Mr Allgrove said the rapid development of large language models, ChatGPT’s technical engine, was a major advance. Reading, analyzing and summarizing are basic legal skills, he said. “At its best, the technology seems like a very smart paralegal, and it’s going to improve,” he said.

Mr Allgrove said the impact would force everyone in the industry, from paralegals to $1,000-an-hour partners, to move up the skills ladder to stay on top of technology. Human jobs will increasingly focus on developing industry expertise, making judgments in complex legal matters, providing strategic guidance and building trusted relationships with clients, he said.

Technology has eliminated a lot of jobs in recent years, and it’s not just robots taking over factories. PCs, productivity software, and the Internet have made office work more efficient, displacing many workers.

Office and administrative support occupations, including secretaries, clerks, bill collectors and office assistants, employ 1.3 million fewer workers than in 1990, according to an analysis by the Bureau of Labor Statistics.Labor Department Forecast further declineby 2031, these occupations will lose 880,000 jobs.

“Technology is a driver and there are big changes, but they tend to emerge gradually over a decade or more,” said Michael Wolf, director of the Bureau of Labor Statistics’ Occupational Employment Forecasting Division.

The bureau’s current outlook is lawyer and paralegal will continue to grow faster than the overall labor market. Mr Wolf is watching the arrival of new artificial intelligence software closely, but says it is too early to assess the long-term impact of the technology.

Lawyers are mostly testing the technology. Issues of data protection and client confidentiality are of paramount importance in legal work. The legal profession rejects the use of e-mail until rules on information handling are established.

In an industry that relies on the discovery and weighing of facts, the tendency of software models to confidently make things up is worrisome — and prompts malpractice lawsuits.

To help with these issues, law firms often use software that runs on top of something like ChatGPT and is fine-tuned for legal work.Tailor-made software is developed by legal tech startups such as case text and Harvey.

For example, load a case file and ask the software to draft deposition questions, and within minutes it spits out a series of related questions, the lawyer said.
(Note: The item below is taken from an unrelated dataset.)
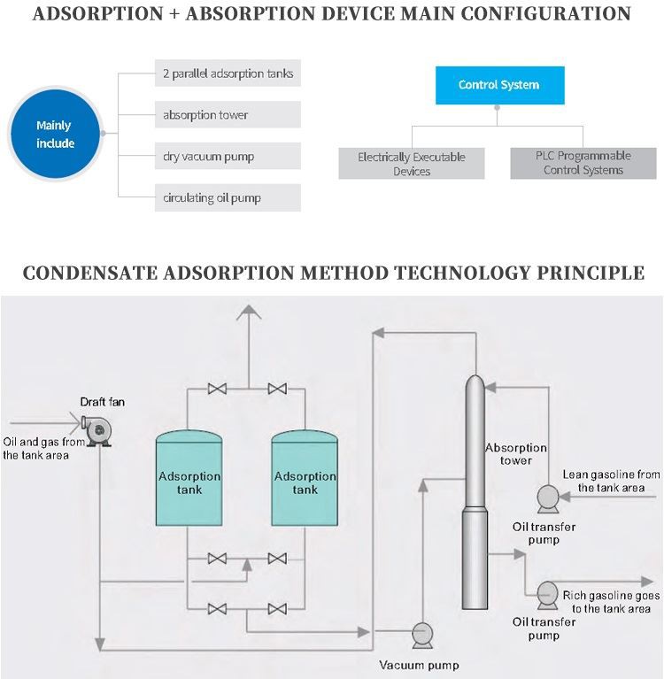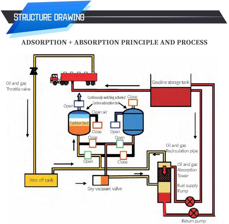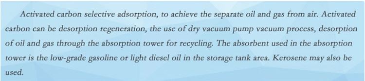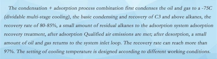 Gőzvisszanyerő egység a kőolajfinomító számára. A feldolgozó torony csatlakozik a tartály szellőző rendszeréhez. Az egységet csúszósínre szerelik, teljesen gyárilag összeszerelve, a szállítás előtt tesztelik, és minden szükséges felszerelést tartalmaz, beleértve a műszereket, a csöveket és az elektromos alkatrészeket. A kezelés egyszerű - egyetlen kapcsoló aktiválja az egység automatikus indítását, működését és leállítását.

“For the things it can do well, it does very well,” said partner and chief data scientist Bennett Borden. Piper PiperA large corporate law firm.
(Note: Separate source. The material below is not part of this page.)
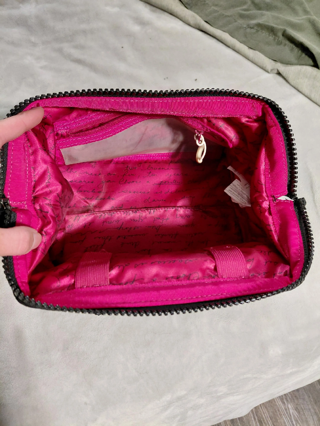 60Selling Lululemon cosmetic bag! has a vibrant pink interior. Perfect for travel or everyday use to keep your essentials organized and stylish

Mr Borden said successful use of AI required large amounts of relevant data and detailed, specific questions.More open questions, such as what is the most important evidence, or who is the most credible witness, remain difficult problems for AI

Lawyers at large firms have seen significant time-savers for certain jobs and see the technology as a tool to improve the productivity of their teams of attorneys and paralegals. Individual practitioners see technology more as a partner in practice.
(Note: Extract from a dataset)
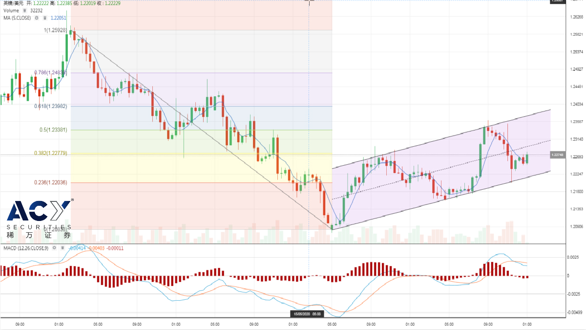 时间面上看,经济学家称英邦目前并不贴近执行负利率,英镑受到提振,日内上涨百余点。但跟着脱欧媾和的担心激情重燃,英镑回吐了泰半的涨幅。日线日均线的双重压造,上涨压力较大。但4小时图能够看到,汇价交投于上升通道之中,昨日的上涨下跌是由于汇价触碰上下轨导致的一定的价钱动摇。目前汇价自下轨触底反弹,有较大的概率向上测试上轨。操作上支柱低众的营业政策,谨慎上方压力位1.2280以及1.2330。

Valdemar L. Washington, a lawyer in Flint, Mich., was selected last fall to test software from Casetext called CoCounsel, which uses the latest ChatGPT technology.

Mr. Washington used the software in a lawsuit against the city of Flint, alleging that residents were overcharged in water and sewer rates and service charges. He loaded more than 400 pages of documents, which the software quickly reviewed and wrote a summary that pointed to an important hole in the defense case.

He says the program does in minutes what would take him hours to do.

“It’s a real game changer,” Mr Washington said.

But how much the legal industry will change, and how often, is uncertain.

The new artificial intelligence is a challenge to the status quo. More productivity means fewer billable hours, yet hourly billing remains the dominant business model in legal work. AI should increase pressure from corporate clients to pay law firms for work done rather than time spent. But the top corporate counsel — the clients — are often ex-partners and associates of large law firms, in the same tradition.

“There are huge opportunities for artificial intelligence in legal services, but the professional culture is very conservative,” said Raj Goyle, an advisor to legal tech companies and a Harvard Law graduate. “The future is coming, but not as soon as some predict.”